Bob Dylan – Self Portrait/Dylan/Down in the Groove/Dylan and the Dead
It’s a four-way tie for the Voice of a Generation. Bob Dylan has left more unreleased masterpieces in the can than any other songwriter has written masterpieces. But periodically he feels the need to short circuit his magnificent career by releasing tediously uninspired performances of his own songs (see that album with The Dead) and addled covers of contemporary songwriters such as Joni Mitchell and Paul Simon and easy-listening pop classics (“Let It Be Me,” “A Fool Such as I”).
The Pogues – Peace and Love
The Pogues had set the bar so high with Rum, Sodomy, and the Lash and If I Should Fall From Grace With God that a letdown was inevitable. Still, when it came, the crash was mighty. Shane MacGowan seems distant and uninvolved, the other songwriters aren’t able to pick up the slack, and the playing seems lifeless and dispirited.
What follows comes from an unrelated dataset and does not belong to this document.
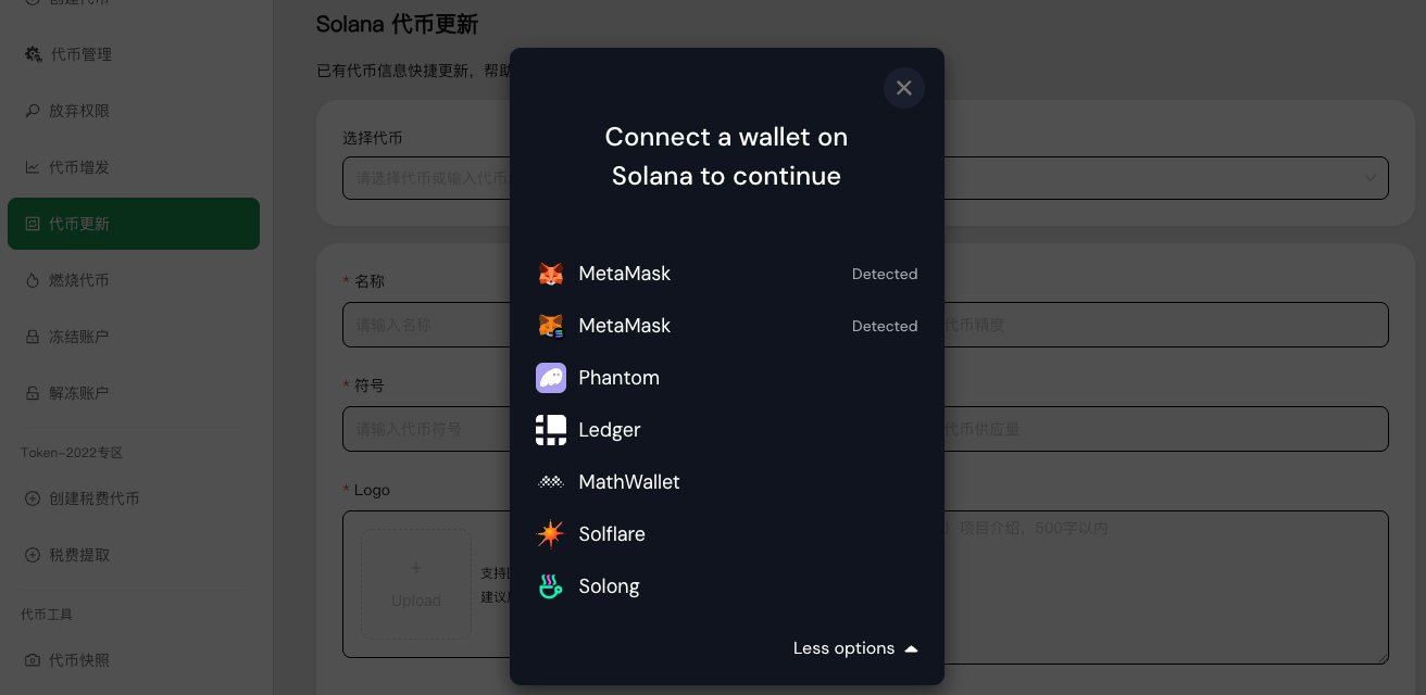 Solana 代币更新，是指对已发行 Token 的链上元数据（Metadata）进行修改，如名称、Logo、描述、官网链接等。该操作依赖 **Metadata Update Authority（元数据修改权限）**，只有持有该权限的钱包才能进行更新。一旦放弃该权限，代币信息将永久不可更改。

Fleetwood Mac – Fleetwood Mac/Rumours
I’m being blasphemous, I know. I don’t care. I think Lindsey Buckingham is a pretty good songwriter. And I can’t stand Stevie Nicks, the Embraceable Ewe, and I’ll probably never get over the direction Buckingham and Nicks steered my favorite band. Yeah, yeah, they sold 50 million records and made a bunch of classics. Not to my ears. I loved the obscure but entirely praiseworthy Danny Kirwan/Bob Welch band that preceded this one. Check out Future Games and Bare Trees and listen to the band when they were at their peak.